YATALAKLAR VE ŞİZOFRENLER

-Hapishanede kalan bazı mahpuslar hastalıklarından dolayı öz bakım ihtiyaçlarını gidermemektedirler. Hatta bazıları ise yatalak durumdadır. Grafik 7’de yer alan %5,62’lik yatalak mahpus oranı aslında hapishanede kalmaması gereken insanlardan oluşmaktadır. Hapishanede kalmaması gereken şizofreni gibi hastalık gruplarına sahip insanları da eklediğimizde bu oran çok daha yükselmektedir. R Tipi hapishane modeli olarak sunulan ve hasta hapishaneleri işlevini gören hapishanelerde kalan insanların içinde bulunduğu durum aslında hapishanelerde kalmamaları gerektiğini açıkça ortaya koymaktadır. Hastaneye yatırılması gereken insanları hapishanede tutmanın bir yolu olarak icat edilmiş R Tipi hapishane modelinin bizzat kendisi, kendi varlığının gereksizliğini ortaya koymaktadır.

ÖLÜM ORUÇLARI

-Hapishanelerde hastalık nedenlerinden biri de ölüm orucu eylemleridir. 19-22 Aralık 2000 tarihlerinde gerçekleştirilen ve “Hayata Dönüş Operasyonu” adı verilen 19-22 Aralık Katliamı öncesi ve sonrasında devam ettirilen ölüm orucu  eylemler sonucu beslenme yetersizliğine bağlı olarak pek çok insan Wernicke-Korsokoff hastalığına yakalanmıştır. Grafik 9’da yer verildiği gibi Wernicke-Korsokoff hastalığına sahip olan mahpusların oranı % 8,9’dur. Korsokoff hastası olan bazı mahpuslar, cezai ehliyeti olmadığına dair rapora sahip olmalarına rağmen halen hapishanede tutulmaktadır.

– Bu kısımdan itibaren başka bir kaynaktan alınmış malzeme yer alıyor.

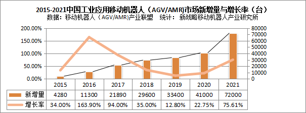 2015-2021中國(guó)市場(chǎng)企業(yè)工業(yè)應(yīng)用移動(dòng)機(jī)器人(AGV/AMR)新增量(臺(tái))與增長(zhǎng)率

-Kalp hastalıkları ve kanser gibi ölümcül hastalıklara sahip olanların oranı ise %15 civarıdır. Halen hapishanelerde onlarca ölümcül hasta bulunmaktadır. Bu hastaların pek çoğunun hastalığının tedavisi hapishane koşullarında mümkün değildir ve bu yüzden pek çok insan ölümün kıyısında bulunmaktadır. Adalet Bakanlığı ise hastalık sonucu hayatını kaybedenleri “eceliyle ölenler” başlığı altında değerlendirerek üzerinden sorumluluğu atmaya çalışmaktadır.